I don’t want to agree with him, yet I have this strange feeling tangled up in my gut that Shay is alive too. But when you hear the same thing so many times, you doubt your own thoughts and feelings. I’m done with the army. I have no contacts left I can reach out to. There’s nothing I can do. If they haven’t found Shay, dead or alive, we have very little chance of finding her.

“We’d only be fighting a losing battle, Carrick. I know that’s not what you want to hear, but there is nothing we can do here. I won’t lie to you and give you false hope.”

I hated hearing those words come from my mouth. I help everyone. I never say there’s nothing we can do, but here I am, defeated.

“Then we go to Iraq,” Carrick blurts out.

“You’re not serious? That’s not an option, buddy. We wouldn’t even survive an hour.”

“Damn right I’m serious, Clay. I’ll do anything for my sister. I thought you would too.”

I close my eyes and take in a deep breath. I will do anything for Shay. I told her many times that I’d walk over hot coals for her. Yet, when it comes down to the crunch, I’m giving up.

“Clay, we need to get her back to base.
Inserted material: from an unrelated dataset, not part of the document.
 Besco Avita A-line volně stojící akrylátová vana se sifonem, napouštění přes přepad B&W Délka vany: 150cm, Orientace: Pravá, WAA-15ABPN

We’re losing her,” Shay shouts over the chopper’s engine.

I take the limp child from Shay’s arms and run over to the helicopter. I lie her down on the stretcher and we all pile into the aircraft. I watch Shay working, hooking the child up to machines and fluids. She’s a great medic. One of the best I’ve ever come across. If my life was on the line, she would be the one I’d want fighting to save me.
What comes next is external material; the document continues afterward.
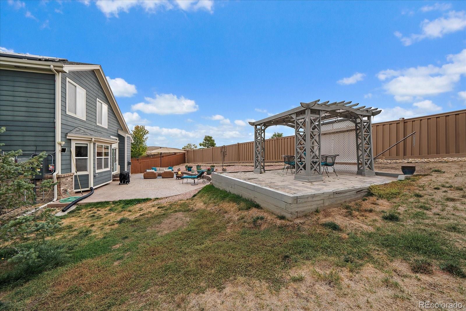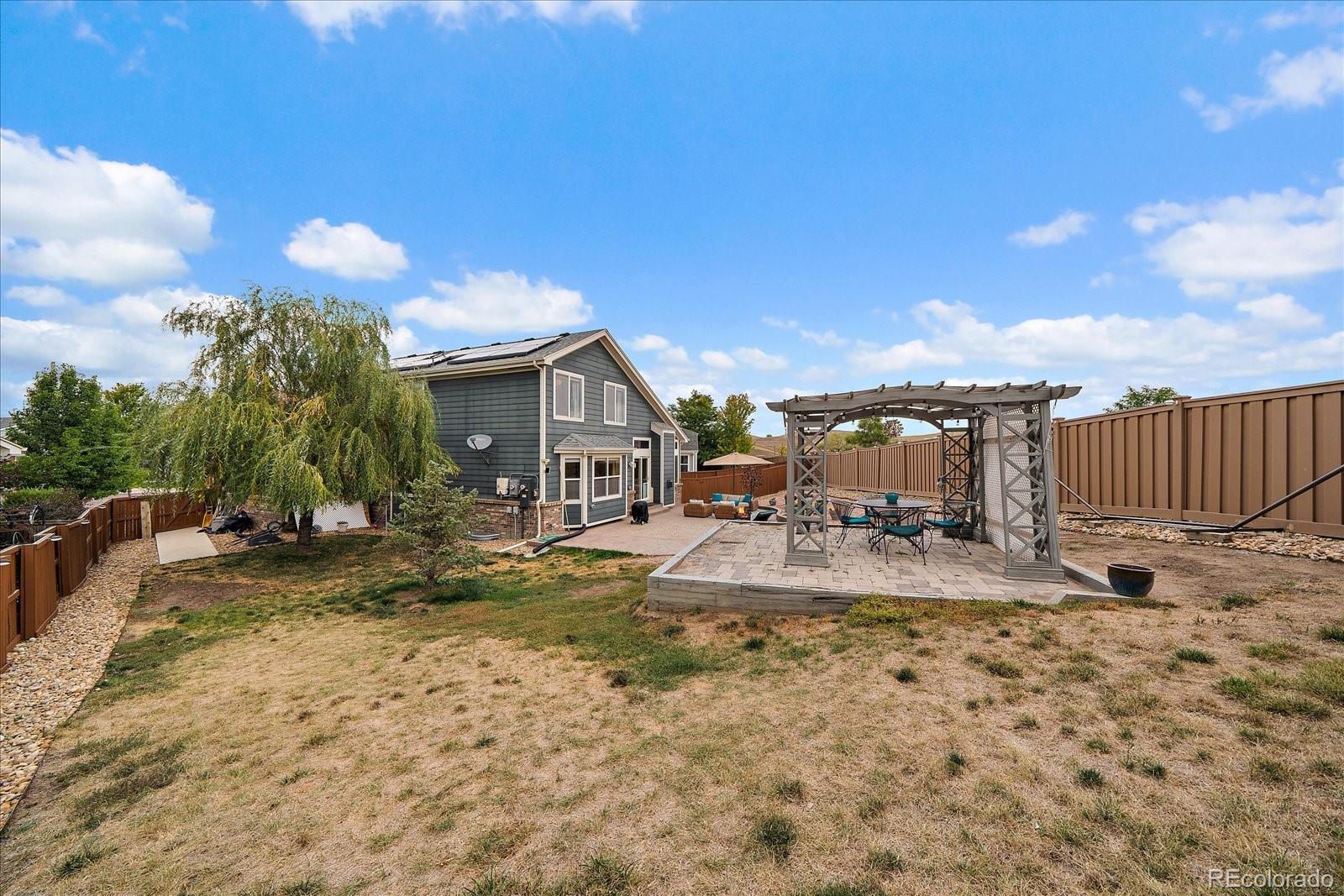 Discover the highly desirable Vista Ridge neighborhood in Erie, CO, where resort-style amenities meet Colorado’s natural beauty. The main level of this home is designed for both comfort and style, featuring the spacious primary suite with walk-in closet and 5 piece bath, soaring vaulted ceilings, expansive windows that flood the space with natural light, and gorgeous hardwood floors. The chef-style kitchen offers abundant cabinets, generous counter space, and an inviting dining area where you can take in stunning mountain views as you enjoy your morning coffee. Upstairs offers a versatile loft, two bedrooms, and a fully remodeled bath with two sinks, while the over 1,200 sq ft unfinished basement with multiple egress windows provides endless opportunities to expand. With a NEW roof and ALL-NEW MECHANICALS —including furnance, AC unit and water heater in 2024 —this home offers peace of mind, energy efficiency, and reliable comfort for years to come. Step outside to nearly a quarter-acre lot with no back neighbors, complete with a stamped concrete patio, pergola, and bonus side yard—perfect for a future she/he-shed, dog run, play area, firepit area - make your backyard dreams come true! You'll love the afternoon shade in your fully private backyard and unmatched Colorado sunsets from the pergola at the top of the property with mountain views over the trees. Enjoy two community pools, a splash pad, hot tub, fitness center, clubhouse, and endless recreation with baseball fields, tennis, pickleball, volleyball, and basketball courts. The neighborhood also features the Colorado National Golf Club, miles of trails with stunning mountain views, and a calendar full of community events. With top-rated St. Vrain Valley schools and easy access to Boulder, Denver, DIA, shopping, and dining, Vista Ridge offers an unmatched lifestyle in a vibrant, family-friendly setting. Make this lovely home yours - schedule your showing today!

“I didn’t think we would get out of that raid today.” She shakes her head. “They told me no help would get through to us.”

When the call came in to base that Shay had gotten into trouble while out collecting supplies, I knew I was coming for her. I knew I’d do anything to keep her safe.

“I’ll always come for you, short stuff.” I squeeze her shoulder and sit on my heels. “Can I do anything to help?”

“We’ll lose her if we don’t get her back for surgery. She’s bleeding internally.”

“We’re ten minutes out. There’s a full team on standby. Don’t worry, we’ll save her.”

“My hero.” Shay leans forward and kisses my cheek.

I’ll always be her hero.

I open my eyes and Carrick is leaning over the breakfast bar, trying to get my attention.

“What happened? You spaced out on me.”

I feel my cheek where Shay kissed me in my memory. It’s only a memory I have, but it’s weird, because whenever I think about her, it feels real. It feels like she’s here with me, and the pain of not having her here is too much.

“I was her hero and I let her down.” I stand up and bang the bottle down on the work surface. “But what you’re asking is not even possible. We cannot go to Iraq.” I turn and face Carrick. “We won’t even get into the country.”

I hold on to the worktop to keep myself standing. To stop me from losing my shit. I need to keep my hands occupied, because right now, I feel like punching the fuck out of something.